Written by: Rebecca Mills

If you’re in New Zealand you want to have the time of your life, but doing everything you want can take a toll on your budget. Follow these expert tips and you’ll find your money goes a lot further thn you think.

Do the legwork

– If you’re keen to try out the many outdoor activities New Zealand has to offer but have a limited budget, it’s worth working out where on your route offers the best value, as prices vary all over the country. Talk to other backpackers to find out how much they paid for activities and compare prices in guidebooks.
– Any activity around the Queenstown area is going to be much more expensive than elsewhere, as it’s such a popular tourist area in New Zealand. You might consider going white water rafting or jet boating on a less popular river. You’ll still have a great time and save some money.
– If several tours are offered in a tourist area make sure to compare prices. Often longer tours might seem more expensive but are ultimately better value, especially if they include food, overnight accommodation etc., so it’s worth doing your homework.

Thrifty gifties

– Some cities are less expensive than others, so if you want to go shopping for gifts it’s worth keeping this in mind. Dunedin on the South Island is a city with a large student population, meaning it’s full of bargains for the savvy shopper.
– Research different bus pass options. New Zealand has a lot of good bus passes on offer, some of which can save you up to 50% on fares.
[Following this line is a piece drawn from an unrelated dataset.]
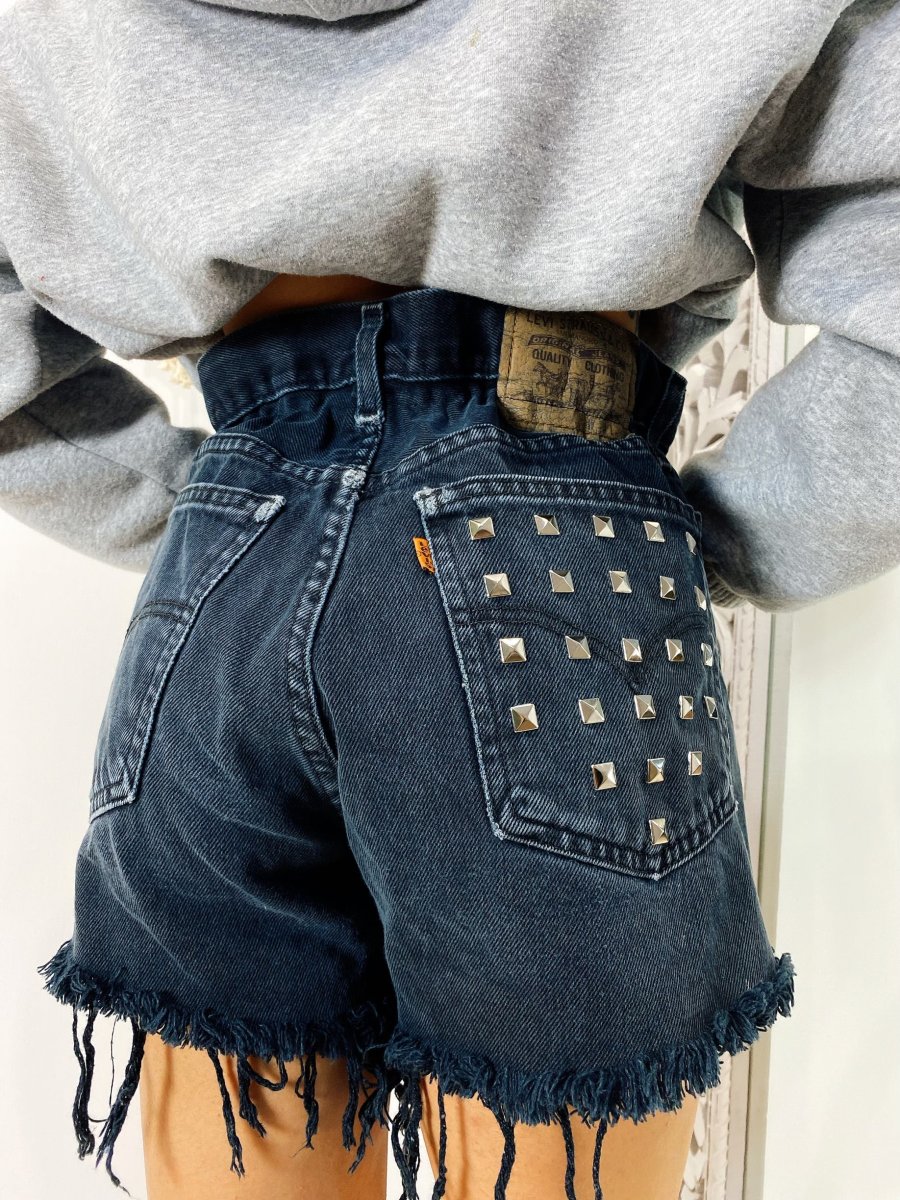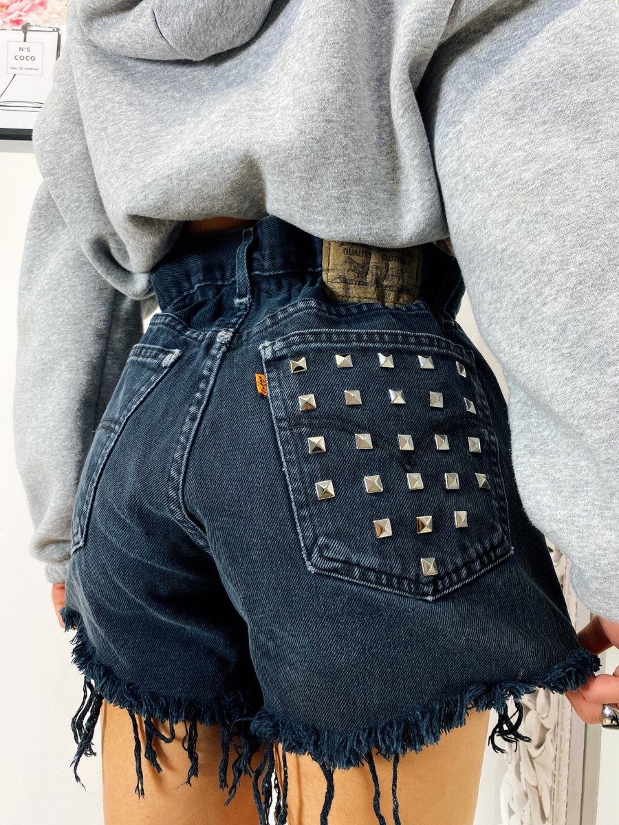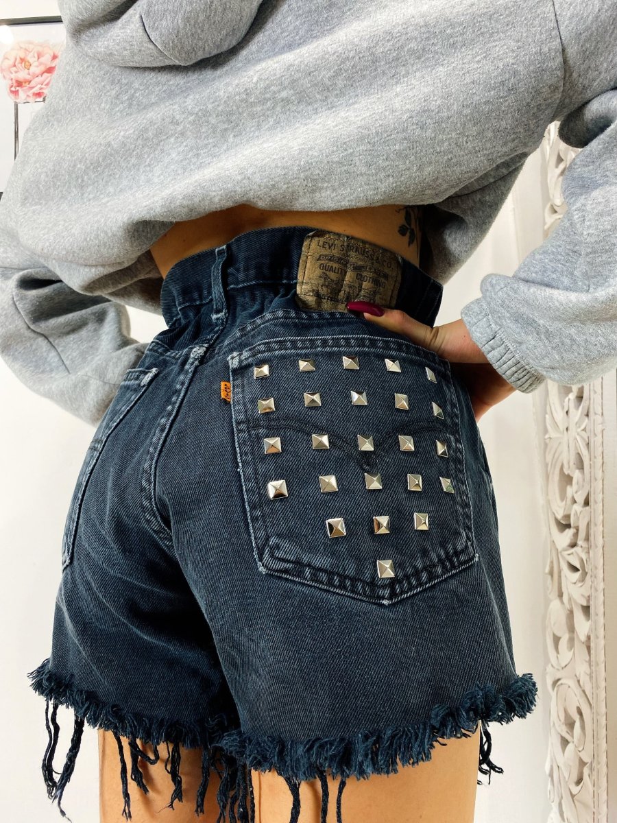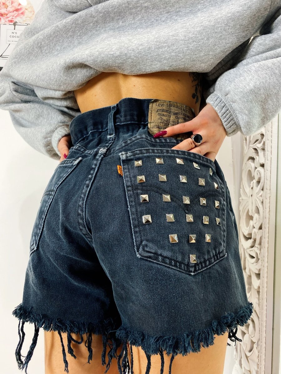 Short Vintage Levi’s alta qualità con strappi. Jeans vintage lavorati a mano Considerati pezzi unici poichè interamente Personalizzati. Lievi differenze rispetto alla foto ne denotano l’unicità e la sua completa lavorazione handmade.

It’s worth doing your homework.
– If you get a YHA / VIP or BBH card it will save you money on accommodation but can also be used for discounts in shops, on travel fares, and on some tours and activities.
– If you have an ISIC (International Student Identity Card) make sure you take it with you, as New Zealand offers a lot of student discounts on tours, activities, fares and at retail. Make sure you ask if somewhere offers a student discount, as it may not always be advertised.
– New Zealand jade is a tempting purchase, but it has the potential to upset your budget. You could try the factory outlet shops rather than the high street souvenir shops. The factory workshops at Hokitika are good places to find jade pieces that won’t empty your wallet.

Camping on a shoestring

– New Zealand’s tap water is absolutely safe to drink, so if you buy a good quality water bottle and fill it up every day before you leave your room you won’t spend much on drinks while you’re out and about.
– If you need to buy camping equipment, consider hiring it while you’re there instead of purchasing it. This means you won’t need to carry it everywhere and you’ll save some serious money. If you’d prefer to buy your equipment, try second-hand stores in the major cities and get yourself a bargain.
– If you’re going to be visiting New Zealand’s more remote regions, stock up on food at the supermarkets in the city before you go. Village shops will be more expensive and have a more limited selection.
– Hostels often keep a cupboard of food that’s been left behind by other backpackers. It’s worth taking a look as it can be a good way to save money. Just make sure you check the best before dates!
– Pay a visit to local markets. They’re often an interesting experience in themselves, and can be a good place to pick up reasonably priced goods.
Most importantly, have an amazing time!